I understand how to connect Pandora to my Driver account ( and have done so ), but I am unable to do the same with Spotify. How do I connect Spotify to my Driver account so passengers can play their Spotify music?


----------



## DocT (Jul 16, 2015)

Uber is no longer in partnership with Spotify. That's why there's Pandora.


----------



## CGEdisciple (Oct 13, 2016)

Last week I had passengers playing Spotify. It is still enabled, just not advertised.

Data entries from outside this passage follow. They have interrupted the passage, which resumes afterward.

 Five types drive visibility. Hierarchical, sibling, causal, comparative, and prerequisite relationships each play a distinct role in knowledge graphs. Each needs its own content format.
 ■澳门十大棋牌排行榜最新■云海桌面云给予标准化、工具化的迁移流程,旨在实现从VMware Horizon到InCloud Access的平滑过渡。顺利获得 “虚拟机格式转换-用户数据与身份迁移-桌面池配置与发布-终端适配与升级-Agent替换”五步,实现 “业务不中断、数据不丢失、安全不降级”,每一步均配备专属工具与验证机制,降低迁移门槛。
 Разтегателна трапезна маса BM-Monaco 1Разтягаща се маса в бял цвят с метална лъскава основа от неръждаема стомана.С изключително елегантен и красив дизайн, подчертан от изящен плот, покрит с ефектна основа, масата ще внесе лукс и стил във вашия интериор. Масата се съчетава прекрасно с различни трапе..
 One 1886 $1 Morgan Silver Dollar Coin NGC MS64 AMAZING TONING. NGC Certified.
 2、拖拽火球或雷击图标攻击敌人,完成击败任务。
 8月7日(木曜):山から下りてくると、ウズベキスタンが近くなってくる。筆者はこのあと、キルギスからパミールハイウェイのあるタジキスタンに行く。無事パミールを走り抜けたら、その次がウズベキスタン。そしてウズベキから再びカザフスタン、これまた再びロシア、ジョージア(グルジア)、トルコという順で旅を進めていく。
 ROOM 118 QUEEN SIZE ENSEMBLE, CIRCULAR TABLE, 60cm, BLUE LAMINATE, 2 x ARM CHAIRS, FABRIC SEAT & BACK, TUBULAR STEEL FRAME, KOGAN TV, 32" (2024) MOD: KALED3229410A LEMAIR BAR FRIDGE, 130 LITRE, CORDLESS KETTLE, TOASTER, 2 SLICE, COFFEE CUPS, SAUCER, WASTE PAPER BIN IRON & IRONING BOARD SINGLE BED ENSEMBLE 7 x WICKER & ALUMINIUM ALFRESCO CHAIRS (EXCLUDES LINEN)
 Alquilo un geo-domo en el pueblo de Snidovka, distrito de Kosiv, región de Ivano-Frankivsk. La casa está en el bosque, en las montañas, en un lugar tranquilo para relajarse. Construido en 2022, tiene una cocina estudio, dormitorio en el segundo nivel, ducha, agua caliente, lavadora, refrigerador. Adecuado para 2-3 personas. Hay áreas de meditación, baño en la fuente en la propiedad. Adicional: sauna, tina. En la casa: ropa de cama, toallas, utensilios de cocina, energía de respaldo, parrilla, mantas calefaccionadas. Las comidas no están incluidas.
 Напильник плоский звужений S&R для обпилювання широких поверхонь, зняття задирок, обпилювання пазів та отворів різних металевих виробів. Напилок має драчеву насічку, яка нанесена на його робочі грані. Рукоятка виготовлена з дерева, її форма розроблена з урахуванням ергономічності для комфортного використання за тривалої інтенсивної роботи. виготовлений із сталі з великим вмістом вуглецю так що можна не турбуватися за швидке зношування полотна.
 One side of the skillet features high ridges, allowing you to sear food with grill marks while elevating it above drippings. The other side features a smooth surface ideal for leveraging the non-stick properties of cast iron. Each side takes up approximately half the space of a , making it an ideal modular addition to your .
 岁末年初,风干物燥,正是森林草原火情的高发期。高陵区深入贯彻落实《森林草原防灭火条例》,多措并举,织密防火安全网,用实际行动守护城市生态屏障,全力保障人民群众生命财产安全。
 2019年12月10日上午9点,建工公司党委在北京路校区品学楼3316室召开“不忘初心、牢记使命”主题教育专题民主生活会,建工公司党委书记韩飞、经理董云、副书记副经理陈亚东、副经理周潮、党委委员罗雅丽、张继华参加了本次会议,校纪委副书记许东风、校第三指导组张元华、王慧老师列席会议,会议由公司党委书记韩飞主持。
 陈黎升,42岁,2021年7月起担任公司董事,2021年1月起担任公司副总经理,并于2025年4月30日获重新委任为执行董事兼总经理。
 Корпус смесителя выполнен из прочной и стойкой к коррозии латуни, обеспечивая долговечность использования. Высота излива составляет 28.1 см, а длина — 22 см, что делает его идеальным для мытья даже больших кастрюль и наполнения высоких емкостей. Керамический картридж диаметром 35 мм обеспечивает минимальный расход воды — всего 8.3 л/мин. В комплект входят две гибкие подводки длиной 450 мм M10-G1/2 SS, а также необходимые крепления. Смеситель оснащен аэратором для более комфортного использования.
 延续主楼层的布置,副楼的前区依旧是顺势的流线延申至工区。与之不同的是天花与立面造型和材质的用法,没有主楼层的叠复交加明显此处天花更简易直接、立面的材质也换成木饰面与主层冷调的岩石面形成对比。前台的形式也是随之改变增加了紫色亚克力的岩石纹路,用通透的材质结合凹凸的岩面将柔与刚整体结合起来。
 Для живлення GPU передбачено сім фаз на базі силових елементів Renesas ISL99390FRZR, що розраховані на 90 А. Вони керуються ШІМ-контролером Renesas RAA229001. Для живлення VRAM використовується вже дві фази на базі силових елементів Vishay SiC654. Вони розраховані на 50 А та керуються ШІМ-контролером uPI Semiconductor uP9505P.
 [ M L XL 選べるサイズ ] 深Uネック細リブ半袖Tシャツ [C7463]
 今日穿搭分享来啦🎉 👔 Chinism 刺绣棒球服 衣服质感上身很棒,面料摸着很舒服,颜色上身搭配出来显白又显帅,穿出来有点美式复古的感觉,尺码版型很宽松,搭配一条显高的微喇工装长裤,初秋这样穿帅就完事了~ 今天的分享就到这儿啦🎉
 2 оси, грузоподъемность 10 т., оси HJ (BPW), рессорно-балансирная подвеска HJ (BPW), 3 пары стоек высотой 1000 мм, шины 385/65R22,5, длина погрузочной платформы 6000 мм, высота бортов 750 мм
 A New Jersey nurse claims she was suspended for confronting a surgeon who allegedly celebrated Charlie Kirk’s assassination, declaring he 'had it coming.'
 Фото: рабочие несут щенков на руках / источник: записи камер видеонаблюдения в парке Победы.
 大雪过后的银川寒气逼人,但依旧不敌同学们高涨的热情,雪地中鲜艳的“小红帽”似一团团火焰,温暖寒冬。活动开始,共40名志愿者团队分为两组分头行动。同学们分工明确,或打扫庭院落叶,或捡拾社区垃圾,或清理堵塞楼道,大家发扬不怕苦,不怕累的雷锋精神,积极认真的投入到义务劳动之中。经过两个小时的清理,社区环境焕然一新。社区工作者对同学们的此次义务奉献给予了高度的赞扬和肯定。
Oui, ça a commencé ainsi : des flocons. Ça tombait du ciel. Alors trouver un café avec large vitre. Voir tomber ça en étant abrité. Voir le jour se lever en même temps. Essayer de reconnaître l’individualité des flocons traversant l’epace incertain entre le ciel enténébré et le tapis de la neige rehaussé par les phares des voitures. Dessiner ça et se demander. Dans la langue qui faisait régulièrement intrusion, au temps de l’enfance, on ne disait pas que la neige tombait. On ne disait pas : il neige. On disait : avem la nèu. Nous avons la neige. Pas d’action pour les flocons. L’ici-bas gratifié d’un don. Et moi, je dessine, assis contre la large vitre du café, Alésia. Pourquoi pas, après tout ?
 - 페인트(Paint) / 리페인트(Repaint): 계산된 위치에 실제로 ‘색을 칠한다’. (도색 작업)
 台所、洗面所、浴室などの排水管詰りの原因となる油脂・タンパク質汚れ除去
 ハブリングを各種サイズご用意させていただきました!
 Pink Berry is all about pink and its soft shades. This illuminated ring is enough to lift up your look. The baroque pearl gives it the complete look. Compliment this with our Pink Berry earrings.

1. Start whatever music you wish in Spotify
2. Go back to the driver app
3. If the app kills the music, swipe for on screen music controls and resume playing.
4. It will now play with the app open and let your passenger know you have spotify.
5. Once a ride has begun, the passenger can take over from their device and the nav screen will display "rider controlling music"

Hope this helps! I discovered it on accident while playing music for riders.


----------



## BuckSF (Jul 14, 2016)

Ah, thank you. I will give that a try.


----------



## aarondavid1010 (May 14, 2018)

CGEdisciple said:


> Last week I had passengers playing Spotify. It is still enabled, just not advertised.
> 
> 1. Start whatever music you wish in Spotify
> 2. Go back to the driver app
> ...


with an aux cable right? new to all this


----------



## DocT (Jul 16, 2015)

aarondavid1010 said:


> with an aux cable right? new to all this


Spotify is no longer supported. Uber has moved on to Pandora. You've replied to a ~2 year-old thread.

Pax connecting your AUX cord is a direct connection of their phone to your vehicle. Has nothing to do with Uber's app. Once connected, pax will have control of the volume and music from their phone.


----------